» **DIRECTIONS**
Please find every line in the entries below that contains the string "POUR", and copy it.
[Opening DATA RECORDS section]
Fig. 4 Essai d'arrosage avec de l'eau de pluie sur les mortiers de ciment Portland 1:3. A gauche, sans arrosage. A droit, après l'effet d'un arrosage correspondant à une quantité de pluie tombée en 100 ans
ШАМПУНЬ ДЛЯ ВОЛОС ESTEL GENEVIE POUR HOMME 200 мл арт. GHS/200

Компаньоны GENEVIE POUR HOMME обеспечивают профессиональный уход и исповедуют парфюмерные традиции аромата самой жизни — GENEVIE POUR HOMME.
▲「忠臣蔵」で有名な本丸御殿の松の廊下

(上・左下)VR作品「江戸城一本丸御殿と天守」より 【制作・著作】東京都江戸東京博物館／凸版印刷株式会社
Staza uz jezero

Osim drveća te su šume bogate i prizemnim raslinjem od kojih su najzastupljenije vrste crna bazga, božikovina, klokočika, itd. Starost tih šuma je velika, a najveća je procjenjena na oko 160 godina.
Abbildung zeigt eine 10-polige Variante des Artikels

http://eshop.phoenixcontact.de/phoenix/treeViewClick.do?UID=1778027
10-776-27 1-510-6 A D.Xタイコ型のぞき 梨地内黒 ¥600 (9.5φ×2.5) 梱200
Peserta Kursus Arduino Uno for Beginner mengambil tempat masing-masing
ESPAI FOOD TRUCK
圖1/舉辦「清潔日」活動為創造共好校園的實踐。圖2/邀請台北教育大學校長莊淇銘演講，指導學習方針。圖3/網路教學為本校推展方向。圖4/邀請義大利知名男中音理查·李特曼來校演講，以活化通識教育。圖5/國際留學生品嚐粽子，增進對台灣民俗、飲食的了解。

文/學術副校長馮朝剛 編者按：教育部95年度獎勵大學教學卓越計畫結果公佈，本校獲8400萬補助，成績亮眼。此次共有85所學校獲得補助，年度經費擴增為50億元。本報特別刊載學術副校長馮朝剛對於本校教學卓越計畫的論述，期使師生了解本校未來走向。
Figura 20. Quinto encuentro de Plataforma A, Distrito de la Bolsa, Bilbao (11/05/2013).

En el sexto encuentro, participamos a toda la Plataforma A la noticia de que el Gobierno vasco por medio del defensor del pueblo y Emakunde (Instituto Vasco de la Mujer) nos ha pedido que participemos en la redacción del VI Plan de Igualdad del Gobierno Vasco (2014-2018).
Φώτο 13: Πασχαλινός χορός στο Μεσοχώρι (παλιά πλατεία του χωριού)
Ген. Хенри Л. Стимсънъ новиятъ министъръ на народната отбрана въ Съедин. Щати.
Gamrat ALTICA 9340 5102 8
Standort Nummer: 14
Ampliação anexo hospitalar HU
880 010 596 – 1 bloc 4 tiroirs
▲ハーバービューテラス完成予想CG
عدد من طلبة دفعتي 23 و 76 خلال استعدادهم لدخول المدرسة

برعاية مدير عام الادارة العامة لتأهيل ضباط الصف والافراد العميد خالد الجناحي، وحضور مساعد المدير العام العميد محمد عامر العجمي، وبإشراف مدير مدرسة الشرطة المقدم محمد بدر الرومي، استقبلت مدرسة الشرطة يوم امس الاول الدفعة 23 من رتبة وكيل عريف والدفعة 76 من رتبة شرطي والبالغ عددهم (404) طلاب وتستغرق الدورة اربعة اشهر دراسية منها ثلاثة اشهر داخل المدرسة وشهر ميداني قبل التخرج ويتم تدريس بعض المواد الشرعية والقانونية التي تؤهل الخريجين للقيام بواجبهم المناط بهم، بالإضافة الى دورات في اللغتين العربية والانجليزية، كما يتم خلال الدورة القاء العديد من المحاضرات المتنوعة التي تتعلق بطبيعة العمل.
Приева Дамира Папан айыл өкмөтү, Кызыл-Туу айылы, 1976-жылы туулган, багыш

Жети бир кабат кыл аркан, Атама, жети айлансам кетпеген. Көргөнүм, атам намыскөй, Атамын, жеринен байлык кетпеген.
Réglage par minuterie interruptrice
[Closing DATA RECORDS section]
» **TASK RESULT**
ШАМПУНЬ ДЛЯ ВОЛОС ESTEL GENEVIE POUR HOMME 200 мл арт. GHS/200
Компаньоны GENEVIE POUR HOMME обеспечивают профессиональный уход и исповедуют парфюмерные традиции аромата самой жизни — GENEVIE POUR HOMME.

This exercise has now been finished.